You don’t have to be wealthy to be a patron

Yesterday I watched a video over at Diary of an Arts Pastor. In the spot, David Taylor talks specifically about his vision for artistic renewal in Austin, Texas. I’m not exactly sure what I think of the video, but it did convey some worthwhile ideas. One idea that I latched onto is one I’d already been thinking about this year:

“You don’t have to be wealthy to be a patron.”

This is probably coming out of my burgeoning desire to be a catalyst (a desire that’s been burgeoning, as it were, for the past ten years). It was helped along by the ceramic art my wife gave me for Christmas.

I haven’t fleshed this idea out yet, that you don’t have to be rich to be a patron of the arts, but there seem to be some basic places a person could start. Add new art to your budget, for instance. Give art as gifts, as my wife did. Befriend artists and become part of their street team; word-of-mouth is the best marketing.

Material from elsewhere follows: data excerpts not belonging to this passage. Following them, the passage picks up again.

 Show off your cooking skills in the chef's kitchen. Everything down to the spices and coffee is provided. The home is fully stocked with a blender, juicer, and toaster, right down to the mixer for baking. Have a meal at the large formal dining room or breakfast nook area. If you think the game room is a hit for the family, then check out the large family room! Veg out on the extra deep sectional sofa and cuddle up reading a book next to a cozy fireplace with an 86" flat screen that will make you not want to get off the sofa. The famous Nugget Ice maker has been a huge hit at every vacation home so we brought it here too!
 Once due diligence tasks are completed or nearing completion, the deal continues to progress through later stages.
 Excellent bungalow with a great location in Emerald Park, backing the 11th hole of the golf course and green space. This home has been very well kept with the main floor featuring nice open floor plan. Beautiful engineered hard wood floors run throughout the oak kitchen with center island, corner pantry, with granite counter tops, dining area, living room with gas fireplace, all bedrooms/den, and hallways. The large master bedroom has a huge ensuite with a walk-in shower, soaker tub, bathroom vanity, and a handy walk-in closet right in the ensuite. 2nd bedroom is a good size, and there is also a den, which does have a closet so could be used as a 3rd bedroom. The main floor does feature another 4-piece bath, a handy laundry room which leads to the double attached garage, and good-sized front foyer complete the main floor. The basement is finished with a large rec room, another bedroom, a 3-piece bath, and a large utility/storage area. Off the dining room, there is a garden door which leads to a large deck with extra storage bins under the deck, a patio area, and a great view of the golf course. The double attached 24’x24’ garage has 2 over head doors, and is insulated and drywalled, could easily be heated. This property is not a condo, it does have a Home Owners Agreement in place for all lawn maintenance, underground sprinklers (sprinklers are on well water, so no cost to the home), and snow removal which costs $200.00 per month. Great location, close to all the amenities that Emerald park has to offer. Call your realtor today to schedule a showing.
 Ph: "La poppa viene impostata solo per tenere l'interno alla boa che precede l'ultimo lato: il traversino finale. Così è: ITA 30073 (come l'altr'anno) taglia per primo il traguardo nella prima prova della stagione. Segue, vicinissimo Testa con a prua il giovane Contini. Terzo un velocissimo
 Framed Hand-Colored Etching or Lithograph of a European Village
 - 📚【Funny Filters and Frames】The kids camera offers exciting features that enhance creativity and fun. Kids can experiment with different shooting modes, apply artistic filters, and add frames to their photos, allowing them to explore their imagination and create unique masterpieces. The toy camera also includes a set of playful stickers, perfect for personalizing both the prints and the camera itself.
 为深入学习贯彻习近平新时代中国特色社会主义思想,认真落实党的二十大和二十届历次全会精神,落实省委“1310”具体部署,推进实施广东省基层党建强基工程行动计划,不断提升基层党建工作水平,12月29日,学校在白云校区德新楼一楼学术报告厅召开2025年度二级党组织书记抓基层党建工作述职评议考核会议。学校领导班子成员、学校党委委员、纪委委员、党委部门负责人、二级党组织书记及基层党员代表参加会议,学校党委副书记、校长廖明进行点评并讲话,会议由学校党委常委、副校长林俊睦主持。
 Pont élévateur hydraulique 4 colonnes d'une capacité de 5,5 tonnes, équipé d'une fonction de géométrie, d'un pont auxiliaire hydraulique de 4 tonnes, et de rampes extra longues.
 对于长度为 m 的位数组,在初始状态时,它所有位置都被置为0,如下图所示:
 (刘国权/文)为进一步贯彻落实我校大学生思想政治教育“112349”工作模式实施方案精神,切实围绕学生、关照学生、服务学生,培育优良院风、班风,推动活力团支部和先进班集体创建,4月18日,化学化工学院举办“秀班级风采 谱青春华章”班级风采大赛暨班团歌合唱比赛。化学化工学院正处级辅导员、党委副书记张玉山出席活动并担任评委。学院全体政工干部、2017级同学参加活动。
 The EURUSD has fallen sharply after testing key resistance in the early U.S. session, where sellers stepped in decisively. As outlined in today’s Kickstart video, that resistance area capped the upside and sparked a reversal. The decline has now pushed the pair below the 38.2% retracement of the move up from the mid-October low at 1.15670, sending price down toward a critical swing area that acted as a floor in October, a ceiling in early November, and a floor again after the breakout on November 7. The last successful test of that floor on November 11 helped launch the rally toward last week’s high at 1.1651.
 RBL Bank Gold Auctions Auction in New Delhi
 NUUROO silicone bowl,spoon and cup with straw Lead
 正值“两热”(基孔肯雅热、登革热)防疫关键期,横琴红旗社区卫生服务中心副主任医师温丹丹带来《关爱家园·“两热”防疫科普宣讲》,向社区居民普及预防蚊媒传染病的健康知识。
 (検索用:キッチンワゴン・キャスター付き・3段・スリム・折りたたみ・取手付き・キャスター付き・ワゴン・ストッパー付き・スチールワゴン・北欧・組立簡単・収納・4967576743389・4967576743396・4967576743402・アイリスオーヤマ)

If you don’t think you have money in your budget to buy art you haven’t visited the right venues lately. Look at Etsy (yes, there are imaginative and well-crafted plastic arts on this website amidst the ubiquitous jewelry and handbag collections) or other online galleries. Seek out aspiring artists who don’t charge as much for their pieces, which is the best kind of artistic investment anyway. Barter works as well. Maybe you’re a web programmer; trade website design for a painting or sculpture.

Any other ideas?

David Taylor video


About pcNielsen
Paul Nielsen founded The Aesthetic Elevator late in 2005. He owns a piece of paper, located somewhere in his house (not on the wall), stating that he earned a B.F.A. from the University of Nebraska around about 2001. While there, he studied studied architecture, graphic design and ceramics, graduating with a degree in studio art. Paul presently serves as communications manager for a small non-profit doing their print design and marketing. He spends as much time sculpting in his studio as possible — which is not nearly enough. Visit his website at

4 Responses to You don’t have to be wealthy to be a patron

  1. YAY! I totally agree. We bought handmade ceramic dishes for our dinnerwear and we troll student art shows for good art for cheap. We collect lithographs and buy small paintings when we’re on vacation. My favorite is a 19th century oil painting of St. Isodore from Florence. He’s our kitchen saint. We’ve purchased hand blown glass wine stoppers for gifts. Etsy is fantastic. There is art for every budget out there! Also, think about how much you spend on other, less important, things. We spent $900 on a tv. We could’ve bought an oil painting.

  2. pNielsen says:

    Or a few oil paintings and sculpture if you were patient.

    Has the increasing availability of new technologies in the last century diverted some of our budgets away from the arts?

  3. It makes me a little upset that David Taylor, who in general I appreciate what he has to say, made a fuss about the nudity in one of the paintings on that video. How is the church ever supposed to get off of that “nipple-phobia” if even her artists have it?

    Think about the middle ages and the Renaissance- very little in the way of techonolgy and a lot in the way of art. We have spent a lot of money on computer equipment and gadgets, small in American standards, but think of the art my $1200 laptop could’ve afforded.

  4. pcNielsen says:

    You’re right about the way the nudity was handled in the video. There was a lot about the video I just didn’t take to, like I said in the post, but there were a few things worth remembering too. Course, that’s the way it is with a lot of media we take in in life. Just because we don’t agree with something doesn’t mean we shouldn’t watch a movie or read a particular book. Do we agree with everything in books we read? If so, we might be too gullible and not discerning enough.